• Sonuç bulunamadı

Sosyal Dışlanma Yaklaşımı

Belgede TÜRKİYE’DE ÖZÜRLÜ (sayfa 54-58)

2. YOKSULLUK VE ÖZÜRLÜLÜK

2.2. Yoksulluk ve Özürlülük İlişkisini açıklamayı Olanaklı

2.2.4. Sosyal Dışlanma Yaklaşımı

1980’li yıllarda farklılaşan ekonomik ve sosyal politikalarının ortaya koyduğu yeni yoksulluk tanımları arasında gösterilebilecek “avrupalı”5 bir kavram olarak ortaya çıkan sosyal dışlanma, günümüz yoksulluğunun özellikle toplumdaki dezavantajlı gruplar açısından nasıl yaşandığının değerlendirilmesi açısından önem kazanmıştır.

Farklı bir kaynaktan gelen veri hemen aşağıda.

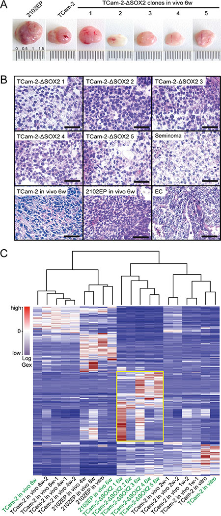 Figure 1: (A) Macroscopical appearance of tumors from xenografted TCam-2, 2102EP and TCam-2-∆SOX2 clones. (B) HE staining of tumor tissues from xenografted TCam-2-∆SOX2 clones, parental TCam-2 and 2102EP. A seminoma and an EC tissue were stained as controls. Scale bars: 50 μm. (C) Meta-analysis of expression microarray data of indicated samples including unsupervised hierarchical clustering. Samples labelled in green were generated for this study, samples in black are part of a previous publication [10] and re-analyzed in context of this study. The yellow box highlights genes differentially expressed between TCam-2-∆SOX2 clones and the other samples.

5 Sosyal dışlanmanın avrupa ve avrupa Birliği’nde ortaya çıkış gelişimi ile ilgili değerle -dirmeler için bkz., Özkaplan, n. Yücesan-Özdemir, G. Özdemir, a. M. (2005). Sosyal dışlanma ‘ne’yi dışlar?: avrupa üzerine notlar. Mülkiye, (248), 77-94.; Erdoğdu, S. (2004). Sosyal politikada Avrupalı bir kavram: Sosyal dışlanma. Mart 2008. http://sosyalpolitika.fisek.org.tr/?p=38.

Sosyal dışlanma kavramının sosyal politika düzeyinde kullanımı avrupa kökenli olmakla birlikte, kavram farklı teorik temellere ve açıklamalara da sahiptir.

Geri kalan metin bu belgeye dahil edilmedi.